With the unexpected earthly departures of Prince, Muhammad Ali, David Bowie and others who spoke up and inspired the world with their craft, it’s easy to feel like Gen Z is in short supply of living legends. Although it’s too soon to tell, BJ has confidence that today’s crop of creators will rise to the occasion when it’s all said and done. Maybe he’ll be one of them. “We don’t know til it’s over,” he says. “That’s why you gotta bust your a** everyday. You’ll either be read about or you’ll be doing the reading.”
BJ’s own legacy is still being written every day, with every earnest note and every moment spent as one of this generation’s R&B/soul torchbearers, and he’s proud of the wet ink on the page. The applause he’s been privy to is deserved, and he’s confident in how he’s held up to the icons that paved the way before him. He knows what he stands for and is genuinely proud of the truthful stories he’s sharing. What makes BJ worthy of respect and rememberence is the fact that he tells his stories with such a celebration of the immeasurable wonder and magic of jet-black music—an undeniably resonant worldwide force since the advent of the drum—and is a part of a continuum that truly means something.

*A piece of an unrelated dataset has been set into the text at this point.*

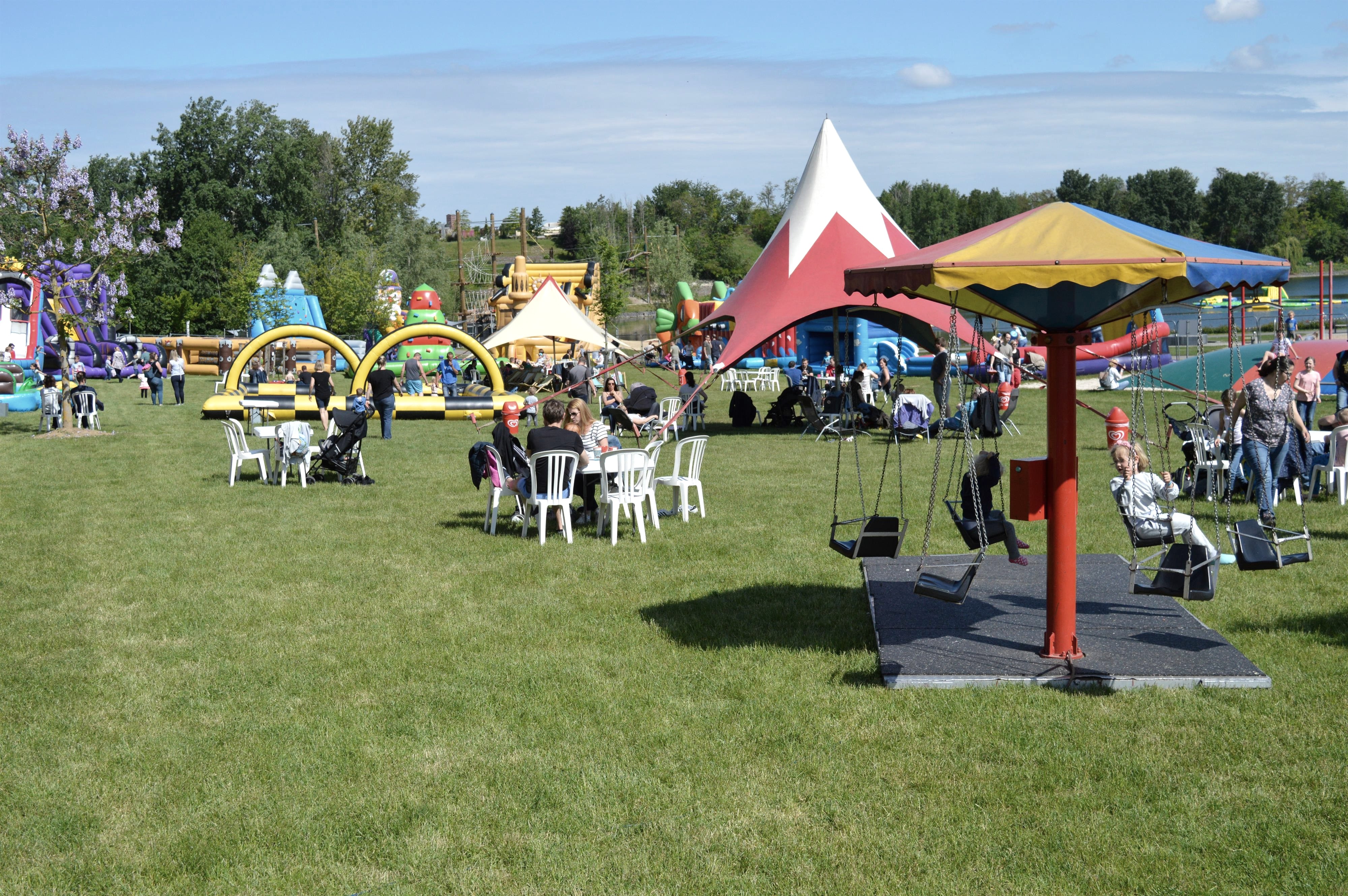 Ein grandioser Spaß für die ganze Familie – denn alle Attraktionen sind für Kinder, Jugendliche und Erwachsene gleichermaßen geeignet! Auf einer extra umzäunten Fläche erleben Sie im Seepark Zülpich ein riesiges Angebot von spektakulären Hüpfattraktionen – von aufblasbaren Actionparcours bis zu einem riesigen Motivburgen. Auch in diesem Jahr werden wieder viele neue Attraktionen geboten. Ein großer Cateringbereich mit Sitzmöglichkeiten bieten genügend Raum für erholsame Pausen. An beiden Sonntagen sowie am Feiertag des 1. Mai wird zusätzlich eine Kinderschminkerin im Park unterwegs sein.

“I feel like every day, I really do strive to be better, and the people around me know that,” he says. “Make sure those dudes play [Louis Armstrong’s] ‘What A Wonderful World’ when they release the doves, when they take me back to my ‘hood. Don’t play ‘Notorious Thugs’ until after ‘What A Wonderful World.’ Give me that classy Mafioso moment, and then turn it up. But give me that classy ending. Give me that. I deserve it. I deserve that.”